Bugün yine şakır şakır yağmurla uyanınca en iyisi evde oturmak film izlemek dedim ve çoktandır izlemek istediğim  ''Grand Budapest Hotel/ Büyük Budapeşte Oteli''ni izledim. Mutlaka izlemelisiniz diyeceğim güzellikte bir film söyleyeyim size...Zerafeti ile otel müşterilerini kendine bağlayan Güstav ile bellboy  Sıfır Mustafa'nın hikayesini kaçırmayın. Sıfır Mustafa çünkü;gerçekten sıfır, anne baba yok,eğitim yok, deneyim yok:))

Size aynı zamanda hafta sonu önerileri olsun bunlar...hayde gittim ben

3 Haziran 2014 Salı

Hediye Kitap, yağ yağ yağmur

Dün evde otururken birden bir takırtı duydum aşağı katlarda bir makine falan çalışıyor sandım,meğer yağmurmuş. Resmen camları dövdü.

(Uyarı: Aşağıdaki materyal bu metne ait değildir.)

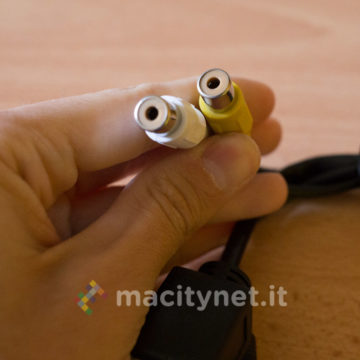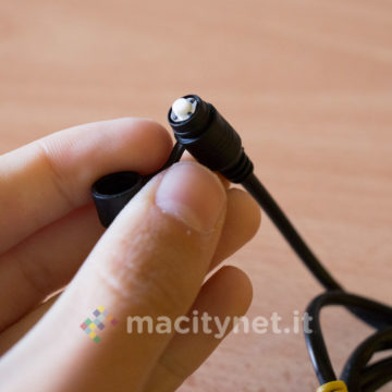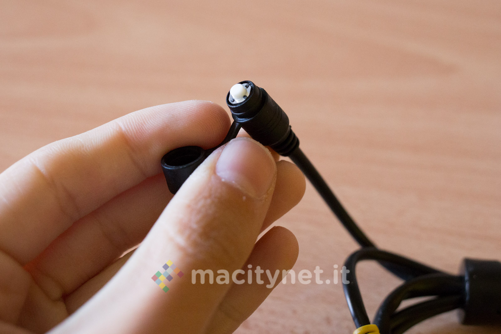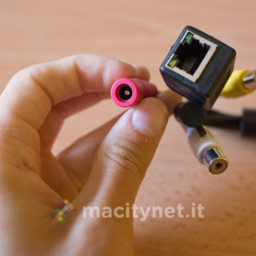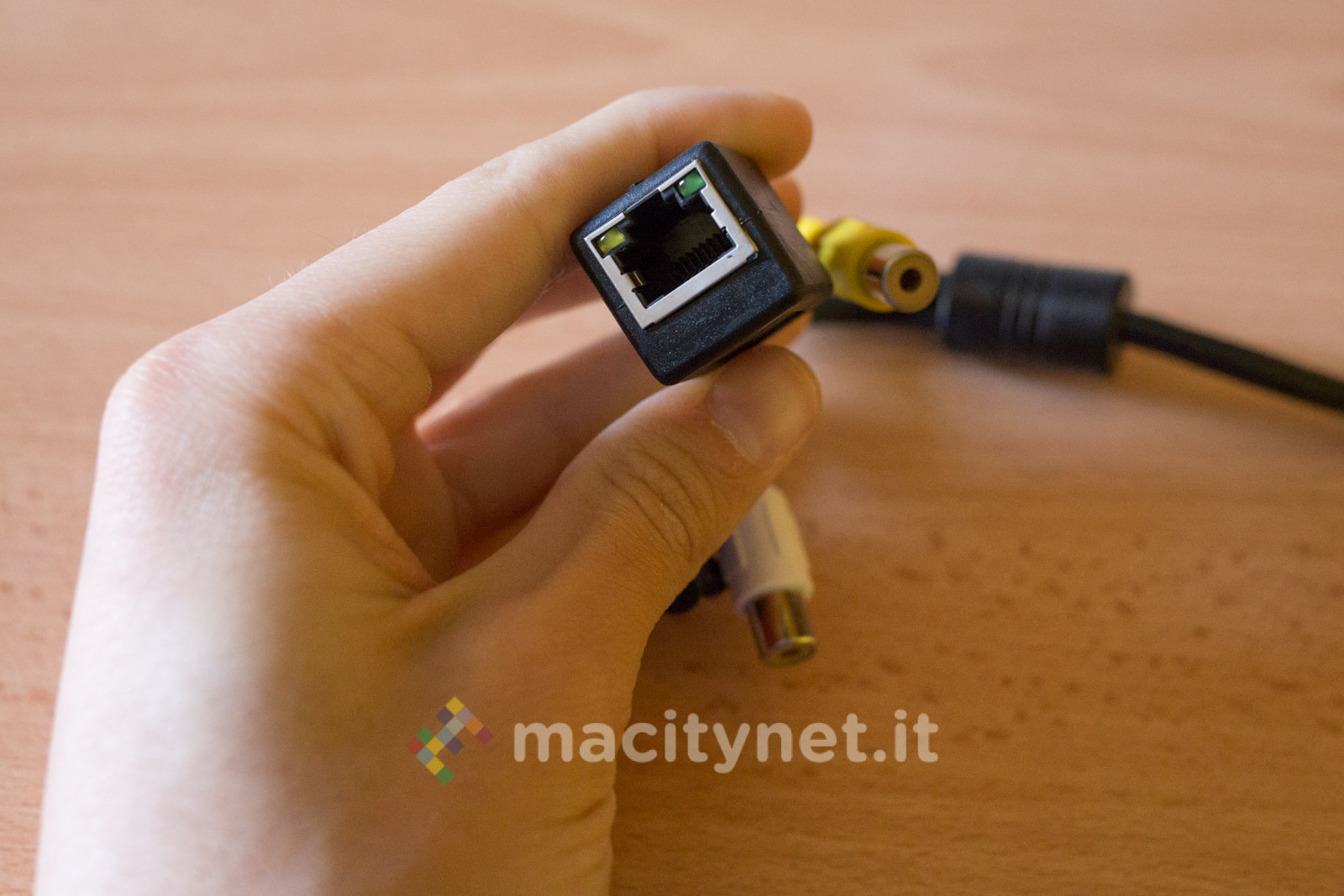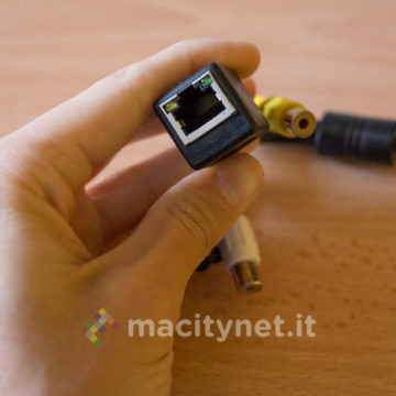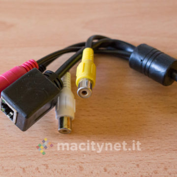 Complessivamente pesa poco più di un chilogrammo ma non è una caratteristica che dovrebbe interessare visto che andrà fissata al muro con quattro tasselli (inclusi in confezione), sebbene rimane difficile non notarlo quando la si estrae dalla scatola. Dal retro spunta uno spesso cavo al termine del quale si ramificano cinque cavetti : la presa Ethernet per il collegamento alla rete con filo, le uscite video (bianca e gialla), la presa per l’alimentazione (rossa) e un pulsante per il reset manuale della telecamera ben protetto dai click accidentali con un tappo (nero).

Dışardakiler için endişe duymamak imkansızdı. Hemen kızları aradım ki çıkmayın okuldan diye,biz arabadayız Kadıköy tarafında bir şey yok dediler. Onlar gelene kadar da sakinleşti ama. Sanırım gökyüzü dün  tüm haşmetiyle Üsküdar'ın üstüne boşalttı tüm yağmuru... Alttaki resmi kuşkusuz çoğunuz görmüşsünüzdür,deniz ile kara birleşti her yer deniz oldu. Meteorolojiden gelen haberlere göre çarşamba günü yağmurun merkezi İstanbul olacakmış ve bu yağmur haziran ayı boyunca devam edecekmiş.







Hediye kitap konusuna gelince, ''Bibliyomanyaklar''ın haziran ayı kitabı;Fırtına Takvimi/Jale Sancak biliyorsunuz. Bir önceki yazımda söylemiştim. İlk yazı bana ait ve yayına girdi. Yorum bırakanlar arasında yapılacak çekilişte bir kişi Mehmet Eroğlu'nun Fay Kırıkları Üçlemesinin ikinci kitabı olan ''Emine'' yi kazanacak ve kendi elceağızlarımla göndereceğim kendisine...Şuraya bir TIK derseniz yazıyı okuyup ,yorumunuzu bırakabilirsiniz.





Ben Altın Defter/ Doris Lessing okumaya devam ediyorum, sanırım  uzun bir sürede devam ederim:)) Tuğla kalınlığında ve iki kilo ağırlığında bir kitap netekim:)... Yayınevlerine defalarca seslendim, bu tür kitapları iki cilt olarak basın tek ambalajda satın diye... Pazularım olacak yakında,kol kaslarım baya bi güçlendi:)Okurken uyuya kalsanız mazallah burnunuzu kırabilirsiniz...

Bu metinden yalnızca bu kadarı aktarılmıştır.